Given data:
________

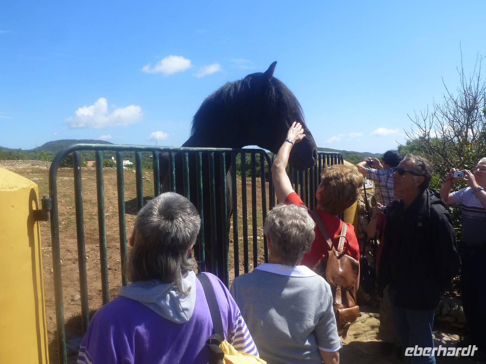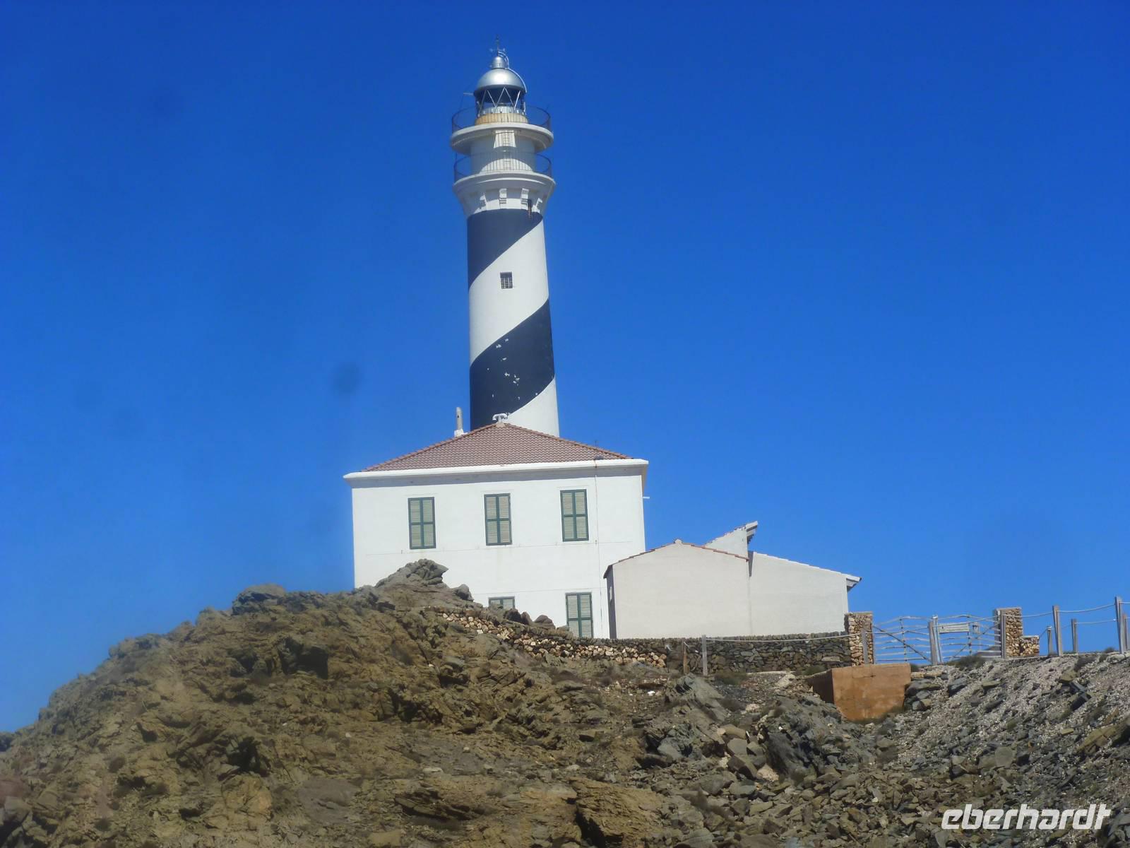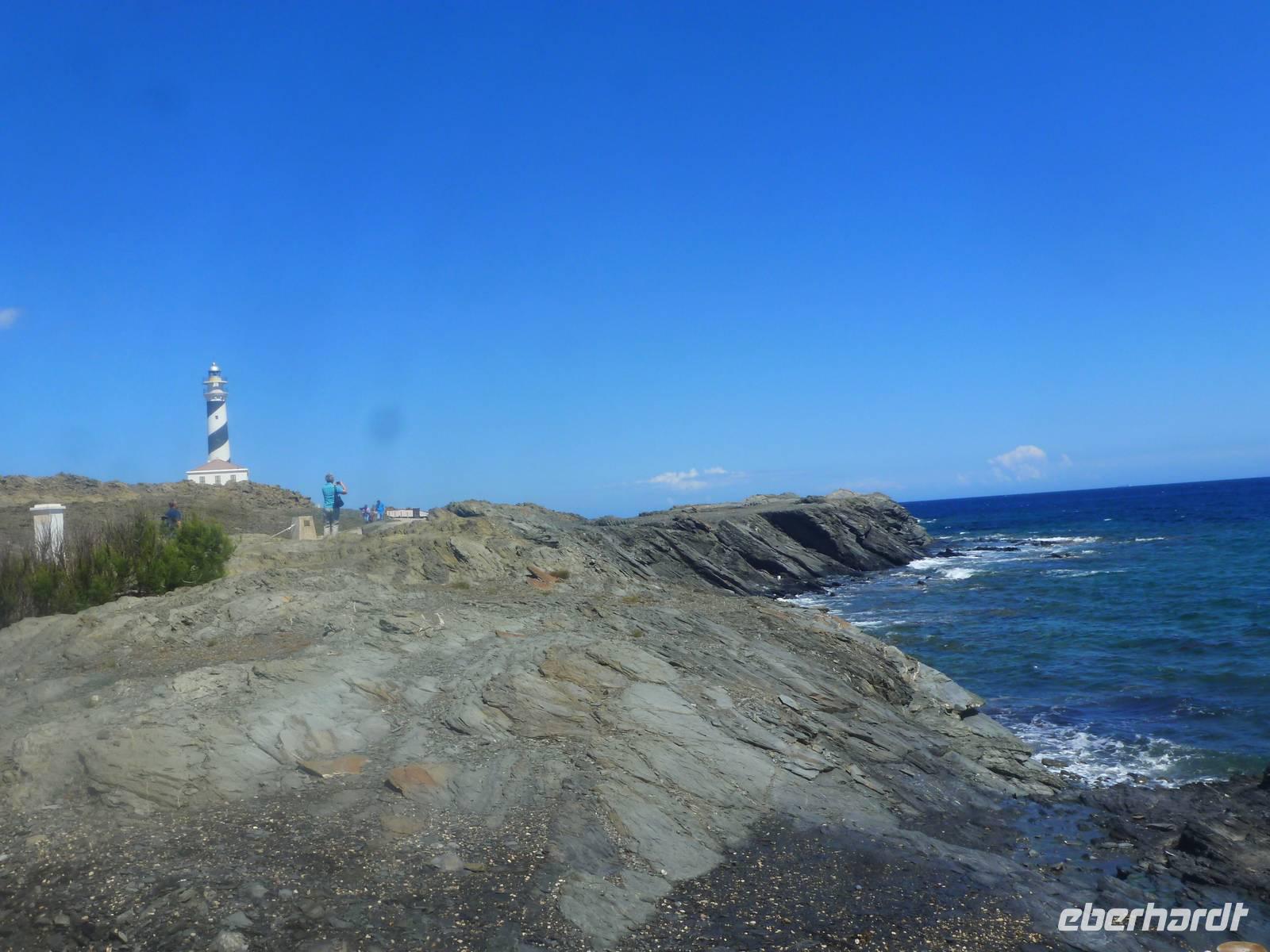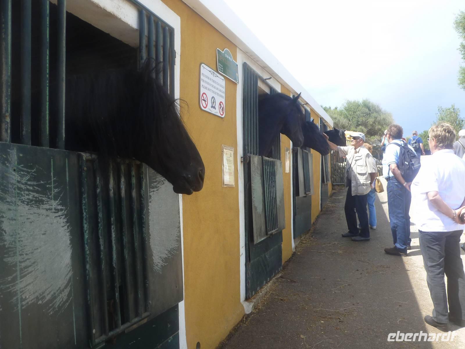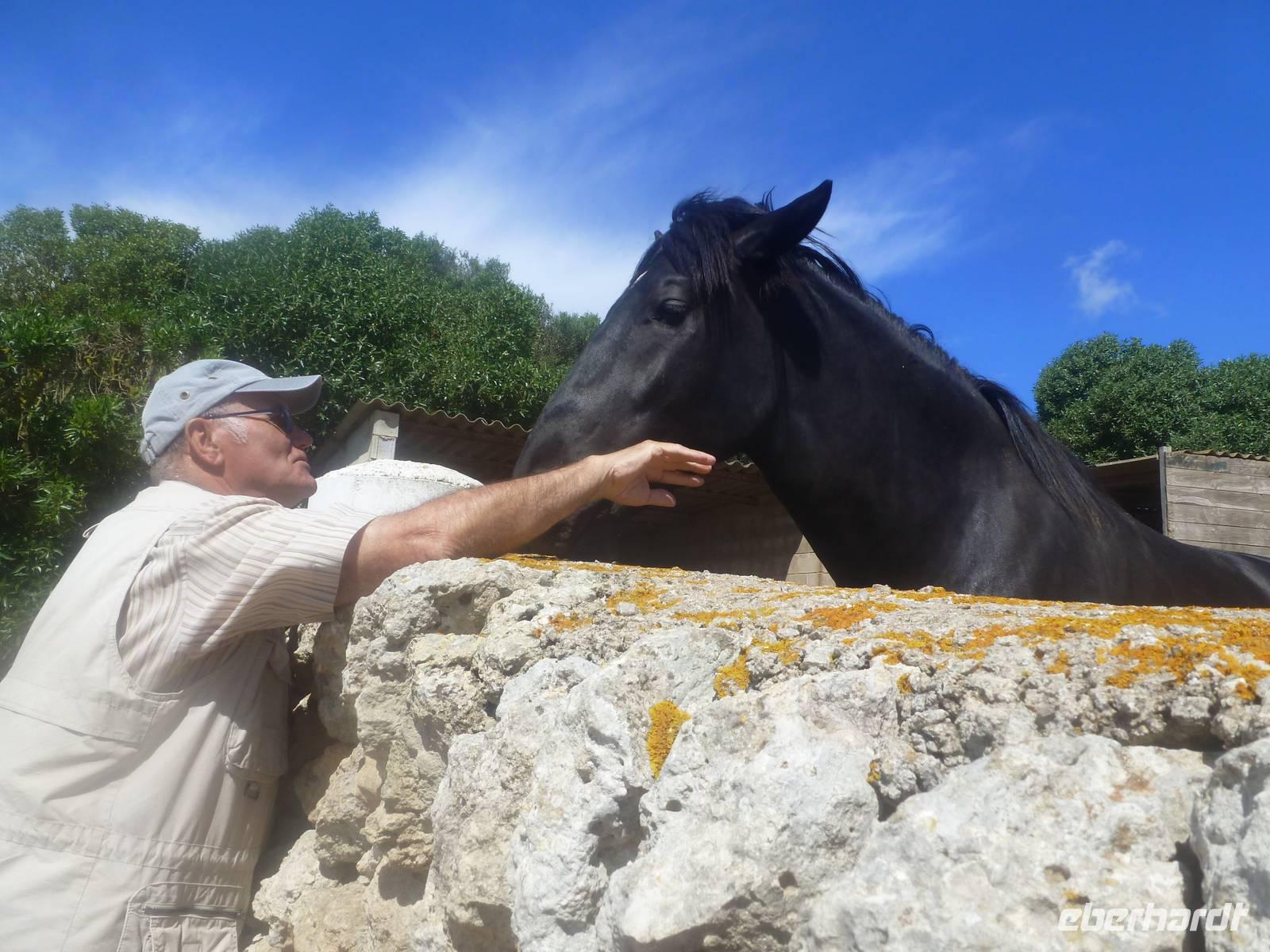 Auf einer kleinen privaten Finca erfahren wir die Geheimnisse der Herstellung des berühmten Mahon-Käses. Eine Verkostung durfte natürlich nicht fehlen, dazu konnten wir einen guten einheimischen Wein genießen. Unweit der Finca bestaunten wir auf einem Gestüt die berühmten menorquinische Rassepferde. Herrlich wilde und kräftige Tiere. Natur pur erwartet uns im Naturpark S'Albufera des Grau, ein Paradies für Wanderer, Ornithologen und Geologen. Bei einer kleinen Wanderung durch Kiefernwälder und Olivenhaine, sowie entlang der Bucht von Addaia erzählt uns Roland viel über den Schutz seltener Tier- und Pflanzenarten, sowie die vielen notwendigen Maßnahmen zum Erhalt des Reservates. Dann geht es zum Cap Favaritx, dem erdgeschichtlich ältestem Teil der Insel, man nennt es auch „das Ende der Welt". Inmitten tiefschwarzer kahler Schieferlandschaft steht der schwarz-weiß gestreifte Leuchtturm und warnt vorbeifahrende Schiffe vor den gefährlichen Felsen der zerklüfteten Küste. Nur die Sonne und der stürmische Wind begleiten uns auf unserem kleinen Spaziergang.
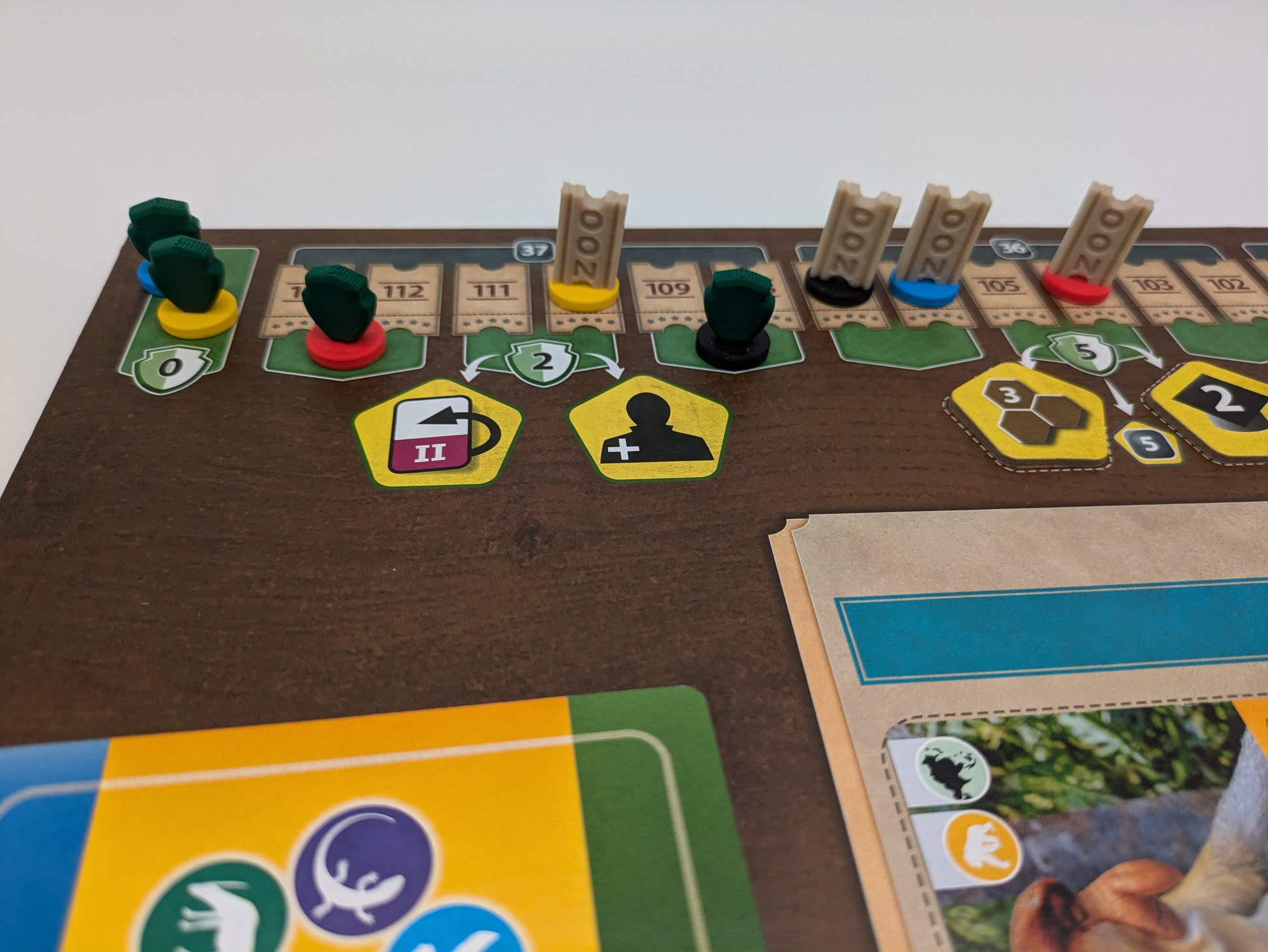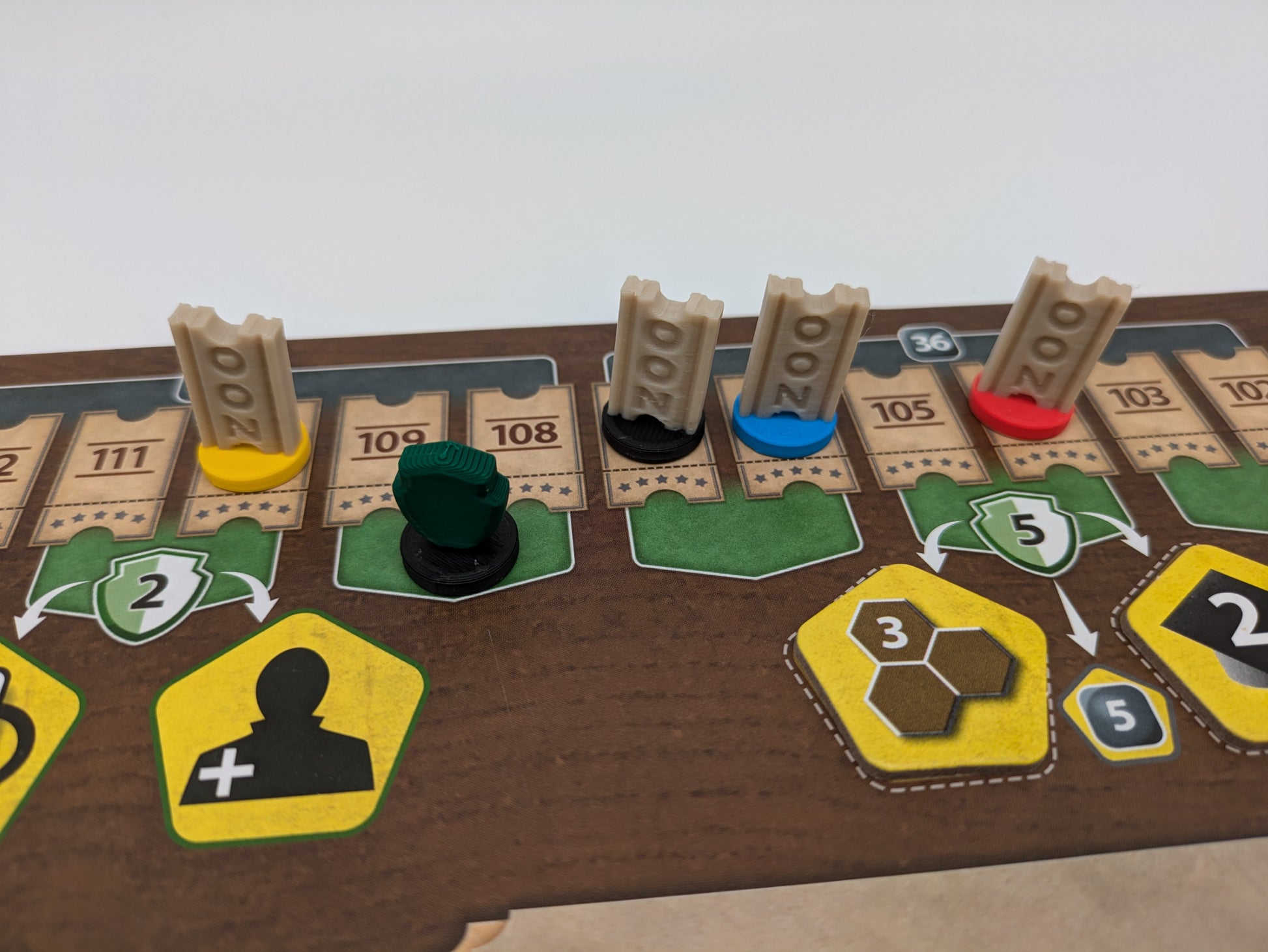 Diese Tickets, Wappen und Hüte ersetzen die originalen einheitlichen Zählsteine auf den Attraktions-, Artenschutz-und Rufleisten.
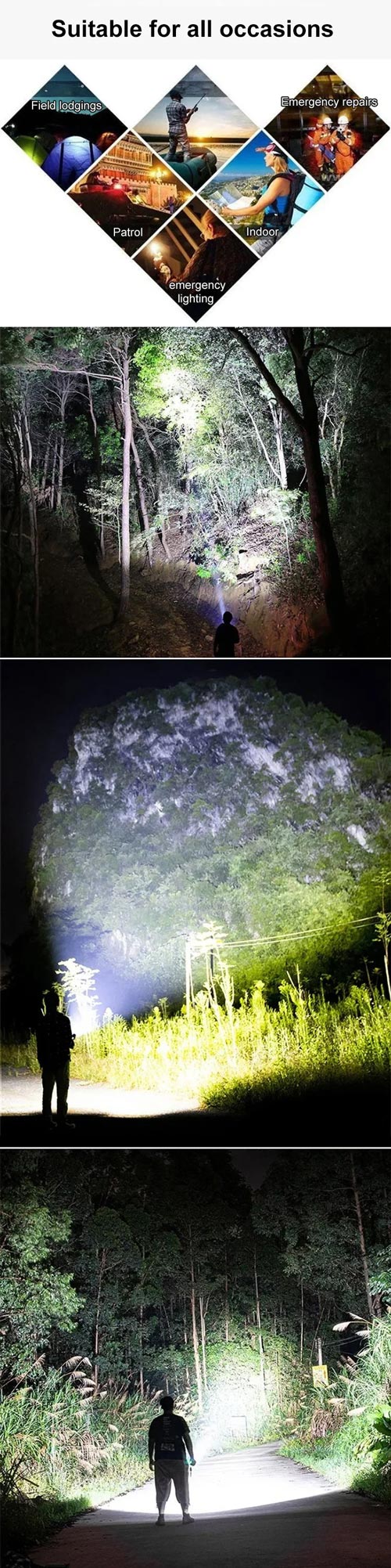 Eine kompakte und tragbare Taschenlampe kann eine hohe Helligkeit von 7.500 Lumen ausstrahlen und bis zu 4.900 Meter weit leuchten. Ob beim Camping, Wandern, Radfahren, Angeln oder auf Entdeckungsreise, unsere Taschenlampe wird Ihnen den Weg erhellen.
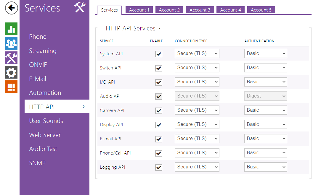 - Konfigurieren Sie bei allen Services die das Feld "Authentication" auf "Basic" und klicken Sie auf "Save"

________

Please repeat everything in the data above except the pictures, exactly as it reads.

Solution for this problem:
 Auf einer kleinen privaten Finca erfahren wir die Geheimnisse der Herstellung des berühmten Mahon-Käses. Eine Verkostung durfte natürlich nicht fehlen, dazu konnten wir einen guten einheimischen Wein genießen. Unweit der Finca bestaunten wir auf einem Gestüt die berühmten menorquinische Rassepferde. Herrlich wilde und kräftige Tiere. Natur pur erwartet uns im Naturpark S'Albufera des Grau, ein Paradies für Wanderer, Ornithologen und Geologen. Bei einer kleinen Wanderung durch Kiefernwälder und Olivenhaine, sowie entlang der Bucht von Addaia erzählt uns Roland viel über den Schutz seltener Tier- und Pflanzenarten, sowie die vielen notwendigen Maßnahmen zum Erhalt des Reservates. Dann geht es zum Cap Favaritx, dem erdgeschichtlich ältestem Teil der Insel, man nennt es auch „das Ende der Welt". Inmitten tiefschwarzer kahler Schieferlandschaft steht der schwarz-weiß gestreifte Leuchtturm und warnt vorbeifahrende Schiffe vor den gefährlichen Felsen der zerklüfteten Küste. Nur die Sonne und der stürmische Wind begleiten uns auf unserem kleinen Spaziergang.
 Diese Tickets, Wappen und Hüte ersetzen die originalen einheitlichen Zählsteine auf den Attraktions-, Artenschutz-und Rufleisten.
 Eine kompakte und tragbare Taschenlampe kann eine hohe Helligkeit von 7.500 Lumen ausstrahlen und bis zu 4.900 Meter weit leuchten. Ob beim Camping, Wandern, Radfahren, Angeln oder auf Entdeckungsreise, unsere Taschenlampe wird Ihnen den Weg erhellen.
 - Konfigurieren Sie bei allen Services die das Feld "Authentication" auf "Basic" und klicken Sie auf "Save"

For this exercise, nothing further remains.